Bert has just given you the single best piece of advice you will ever receive when it comes to the ownership and operation of a boat - Boat Ramp Etiquette!

I seldom fish out of charlies, but there is some good fishing close. Get you a top spot map from Academy and pay attention to how other boats navigate the cuts around there. Don't park close to anyone that's fishing unless they wave you over, and be extremely cautious of wade fisherman in the area. There's usually quite a few of them and it's important to give them lots of room.

Go back and read some of the old threads on this board, there's a wealth of information to be found if you take a little time to look for it.

I wish you safe boating and full stringers.............Q


----------



## BertS (May 21, 2004)

oh yeah, if you fish Shoalwater......be aware of kayakers.....in the cut on the east side, as well as fishing in the lake.....


----------



## branson (Oct 14, 2004)

Thanks for all the good advice. I am new to this forum and to boating in shallow water. We bought a Tran Cat so we should be able to navigate in shallow water. We intend on be very cautious as we are new to this. We will always try to keep two pairs of alert eyes out for boats and wade fishermen.
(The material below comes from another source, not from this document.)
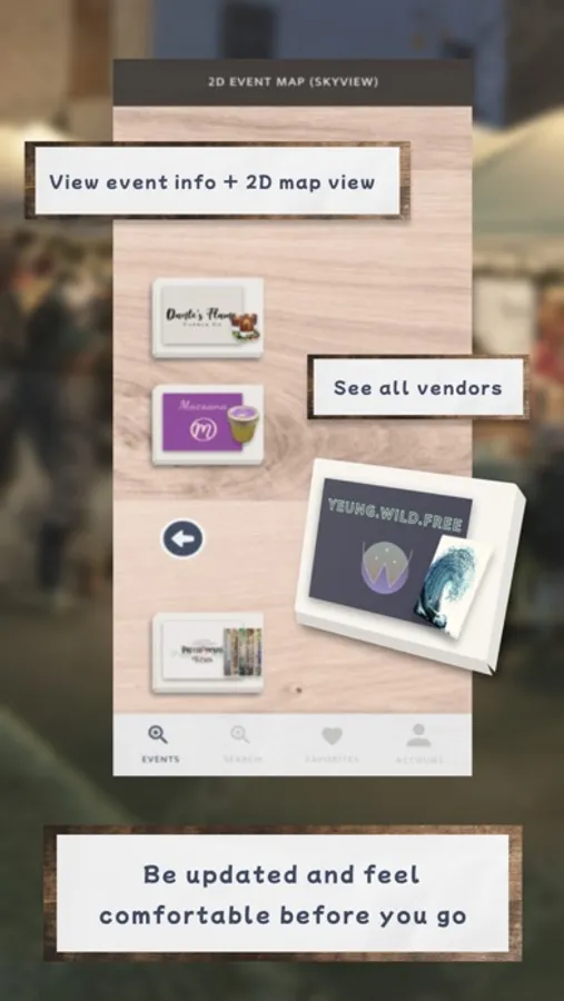 - Search for specific artists or find new artists by browsing event vendor lists

Yes, I will search some of the previous threads.


----------



## BertS (May 21, 2004)

with that boat, you should have easy access to Shoalwater, the Lagoon areas, and both are close to Charlies, also little to no problem with Pringle, and Contee...one word of caution, on entering Pringle.....the cut to enter, first makes a hard turn to the right, then another hard turn to the left......usually very visible....use extremem caution..it's very narrow......... and do like Q says, get a map.....and each trip, go a little further afield......try new spots........and above all.......be courteous....it isn't difficult, although, it may be thankless most of the time.......


----------



## Weedless (May 26, 2004)

*Espiritu Santo...*

...looks like it's gonna be my new 'home waters'. Moved from San Antonio to Austin during the summer and the straightest shot to saltwater appears to take me to Seadrift/PO'C. Finally got my boat outta the barn near Floresville and brought it to Austin this past weekend and am heading for the ramp for a dawn launch this Saturday. I'll probably skip Charlies and put in at the Boat Dock in PO'C and fish the edges of the channel near the backside of the big jetties, soaking mullet and perch for big reds. If the incoming breakers aren't rolling the channel too much, there's a couple of holes along the south jetty that can hold some awesome trout. If all else fails, I'll likely work the edge of the flats near the coast guard station, bumping a white curly tailed jig tipped with dead shrimp for flatties. Whatever!!! With the move and remote location of my boat barn, I haven't been on saltwater since June. For a guy whose goal is SW fishing twice a month, that's way too long.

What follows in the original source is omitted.